My objective is to annotate long documents with bioformer-8L. I have been said to use stride and truncation so I don’t have to split my documents in chunks of 512 tokens.
In the training phase, I called the tokenizer like this:
tokenizer = AutoTokenizer.from_pretrained(model_checkpoint, stride = 128, return_overflowing_tokens=True, model_max_length=512, truncation=True, is_split_into_words=True)
Then I train my model and at this stage I don't see any parameter that could help me in my task.
With my trained model I do this for the predictions:
model = AutoModelForTokenClassification.from_pretrained(model_path)
tokenizer = AutoTokenizer.from_pretrained(model_path, stride = 128, return_overflowing_tokens=True, model_max_length=512, truncation=True, is_split_into_words=True)
ner = pipeline(“token-classification”, model=model, tokenizer=tokenizer, aggregation_strategy=“first”)

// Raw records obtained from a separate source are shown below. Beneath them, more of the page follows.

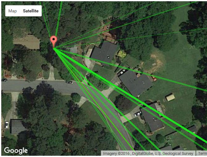 This photo shows the green signal lines from the SE. They clear the trees across the street, but I'm worried about a clear path through the trees in front of your house. You might have to trim some branches.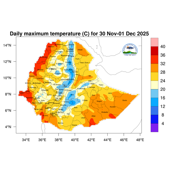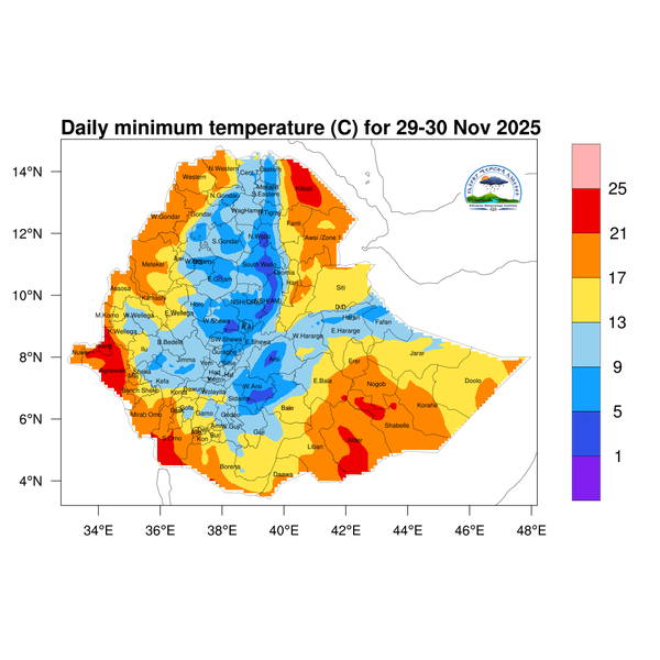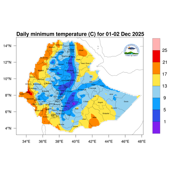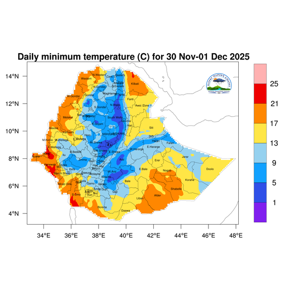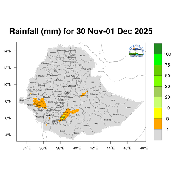 Light to moderate rainfall is expected over Southwest Ethiopia region, Sidama, and western Oromoia.
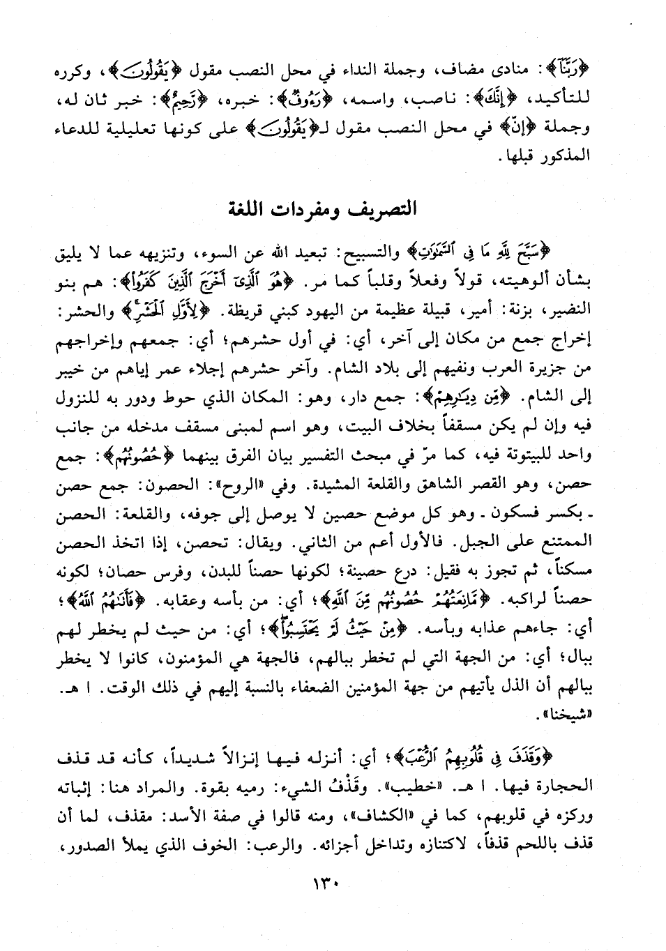 {سَبَّحَ لِلَّهِ مَا فِي السَّمَاوَاتِ} والتسبيح: تبعيد الله عن السوء، وتنزيهه عما لا يليق بشأن ألوهيته، قولًا وفعلًا وقلبًا كما مر. {هُوَ الَّذِي أَخْرَجَ الَّذِينَ كَفَرُوا}: هم بنو النضير، بزنة: أمير، قبيلة عظيمة من اليهود كبني قريظة. {لِأَوَّلِ الْحَشْرِ} والحشر: إخراج جمع من مكان إلى آخر، أي: في أول حشرهم؛ أي: جمعهم وإخراجهم من جزيرة العرب ونفيهم إلى بلاد الشام. وآخر حشرهم إجلاء عمر إياهم من خيبر إلى الشام. {مِنْ دِيَارِهِمْ}: جمع دار، وهو: المكان الذي حوط ودور به للنزول فيه وإن لم يكن مسقفًا بخلاف البيت، وهو اسم لمبنى مسقف مدخله من جانب واحد للبيتوتة فيه، كما مرّ في مبحث التفسير بيان الفرق بينهما {حُصُونُهُمْ}: جمع حصن، وهو القصر الشاهق والقلعة المشيدة. وفي "الروح": الحصون: جمع حصن - بكسر فسكون - وهو كل موضع حصين لا يوصل إلى جوفه، والقلعة: الحصين الممتنع على الجبل. فالأول أعم من الثاني. ويقال: تحصن، إذا اتخذ الحصين مسكنًا، ثم تجوز به فقيل: درع حصينة؛ لكونها حصنًا للبدن، وفرس حصان؛ لكونه حصنًا لراكبه. {مَانِعَتُهُمْ حُصُونُهُمْ مِنَ اللَّهِ}؛ أي: من بأسه وعقابه. {فَأَتَاهُمُ اللَّهُ}؛ أي: جاءهم عذابه وبأسه. {مِنْ حَيْثُ لَمْ يَحْتَسِبُوا}؛ أي: من حيث لم يخطر لهم ببال؛ أي: من الجهة التي لم تخطر ببالهم، فالجهة هي المؤمنون، كانوا لا يخطر ببالهم أن الذل يأتيهم من جهة المؤمنين الضعفاء بالنسبة إليهم في ذلك الوقت. اهـ. "شيخنا".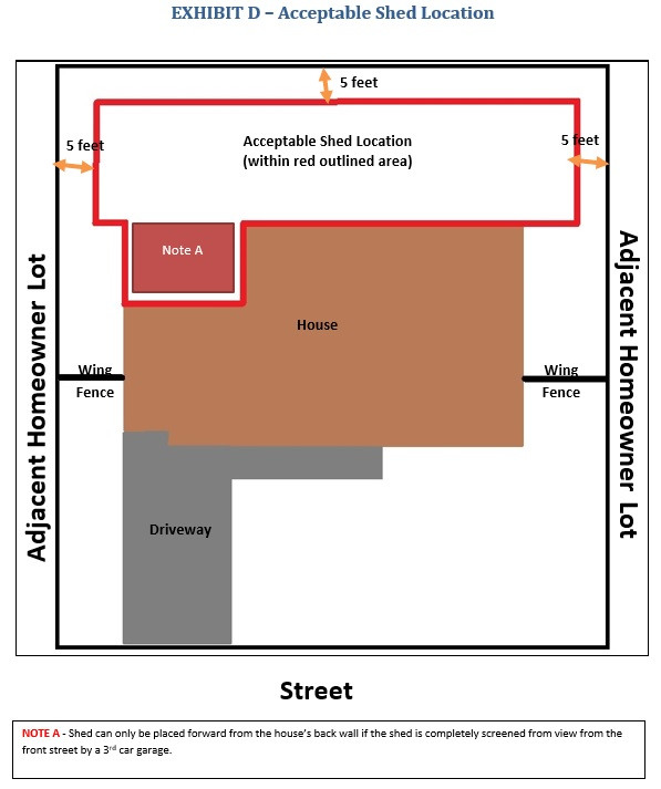 • 2.85.4. Location Criteria: Storage Sheds and Accessory Buildings must be located in the fenced, rear yard area and must be located behind the home per Exhibit D. For Lots where split rail fence lines exist, Storage Sheds and Accessory Buildings must be located on the opposite side of the Lot away from the split rail fence and such Storage Sheds and Accessory Buildings must be screened so as not to be viewed in full from the split rail fence side of the Lot.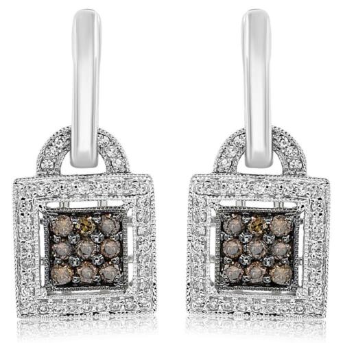 .62CT WHITE & MOCHA DIAMOND 14KT WHITE GOLD CLUSTER SQUARE LOCK HANGING EARRINGS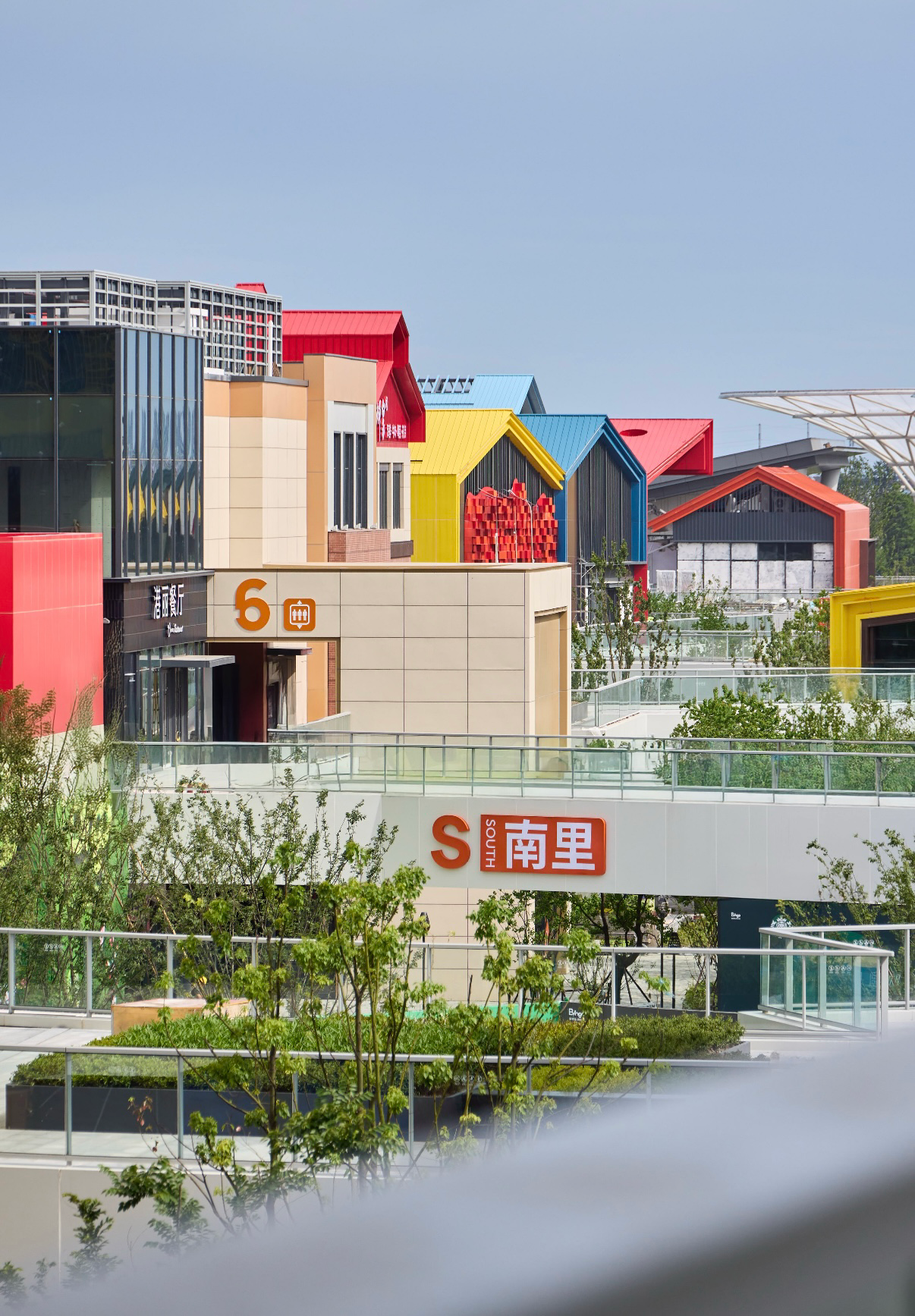南里 | 缤纷欢聚生活: 以漫游街区形态打造,将传统都市与工业风进行当代创新演绎,融入街道、小巷与木板路的矩阵设计中。屋顶层叠退台与中心广场共同构筑了丰富的多层次社交空间。南里致力于创造缤纷欢聚生活,重点汇聚IP潮玩、餐饮首店等丰富业态,是欢聚、打卡与体验圈层文化的核心区域。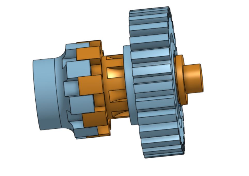 I started roughing it out..the blue is the current hub cut down and the orange the new shaft, the gear will sit in the middle with a bearing on each side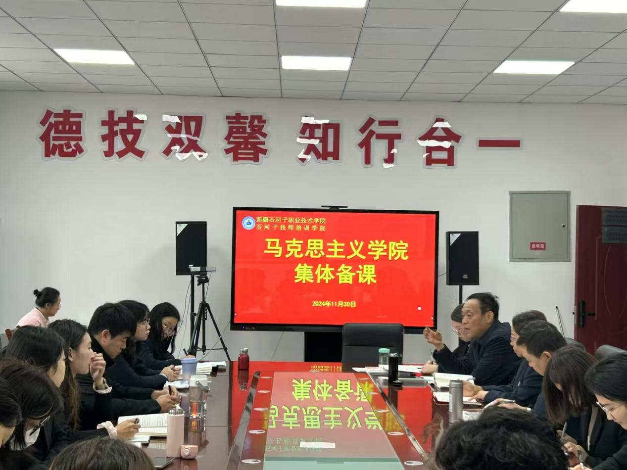 (戴博柠 报道)为坚持不懈用习近平新时代中国特色社会主义思想铸魂育人,大力推动党的二十届三中全会精神融入思政课,深入贯彻落实习近平总书记关于思政课建设的重要指示和新时代学校思政课建设推进会精神,2024年11月30日上午,马克思主义学院在厚德楼213会议室开展集体备课会。学院党委书记史文革参加并指导集体备课。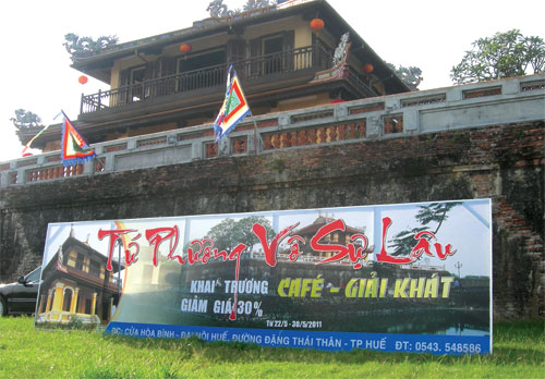 Ngay từ sáng sớm, nhiều người dân ở khu vực quanh kinh thành Huế ngỡ ngàng khi thấy người ta cho dựng bảng hiệu khai trương dịch vụ cà phê, giải khát ngay trong di tích lầu Tứ phương vô sự. Nhưng chỉ sau đó không lâu, tấm bảng đã được gỡ xuống. Tuy nhiên, ở lầu Tứ phương vô sự, cả tầng một và tầng hai, dịch vụ cà phê, giải khát đã đi vào hoạt động. Ngay trên tường thành một hàng cờ ngũ sắc với dòng chữ “Tứ phương vô sự cà phê - giải khát” bay phấp phới.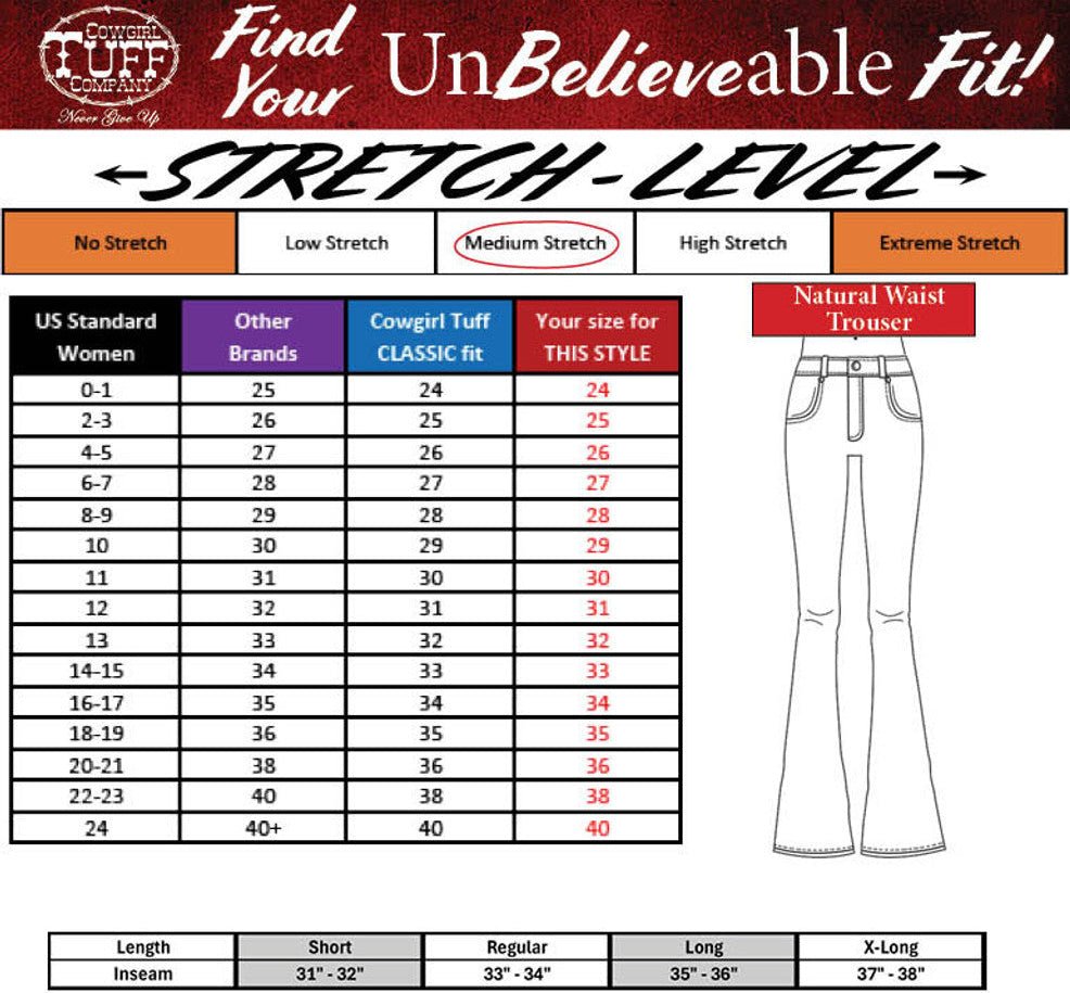 Fit Tip: Every Cowgirl Tuff style fits a little different—and that’s exactly why we include a specific size chart for each style right here on the page. Be sure to check it out before you add to your cart so you can snag the perfect fit the first time.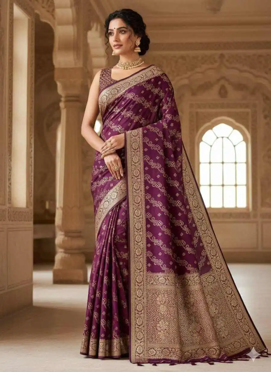 FANCY DOLA SILK ZARI & MEENAKARI WOVEN PALLU WITH BORDER WORK SAREE WITH UNSTITCHED BLOUSE WINE

But it does not work, the model stops providing annotations in the middle of the text. For the test
You can't just move the __call__
parameters like stride to from_pretrained
:
from transformers import AutoModelForTokenClassification, AutoTokenizer, pipeline
model_id = 'Davlan/distilbert-base-multilingual-cased-ner-hrl'
t = AutoTokenizer.from_pretrained(model_id, stride =3, return_overflowing_tokens=True, model_max_length=10, truncation=True, is_split_into_words=True)
sample = "test "*200
# sliding window will not be applied
print(len(t(sample).input_ids))
# sliding window will be applied
print(len(t(sample, max_length=10, truncation=True, stride=3, return_overflowing_tokens=True).input_ids))
Output:
202 # One batch with 202 ids
40 # 40 batches
With the pipeline, you can pass the value for stride as __init__
parameter:
from transformers import AutoModelForTokenClassification, AutoTokenizer, pipeline
model_id = 'Davlan/distilbert-base-multilingual-cased-ner-hrl'
ner = pipeline("token-classification", model_id, stride=128, aggregation_strategy="first")
sample = "Hi my name is cronoik and I live in Germany "*3000
o = ner(sample)
print(len(o))
print(o[0:5])
Output:
3000
[{'entity_group': 'LOC', 'score': 0.9997917, 'word': 'Germany', 'start': 36, 'end': 43},
{'entity_group': 'LOC', 'score': 0.9998311, 'word': 'Germany', 'start': 80, 'end': 87},
{'entity_group': 'LOC', 'score': 0.9997998, 'word': 'Germany', 'start': 124, 'end': 131},
{'entity_group': 'LOC', 'score': 0.9997831, 'word': 'Germany', 'start': 168, 'end': 175},
{'entity_group': 'LOC', 'score': 0.99981374, 'word': 'Germany', 'start': 212, 'end': 219}]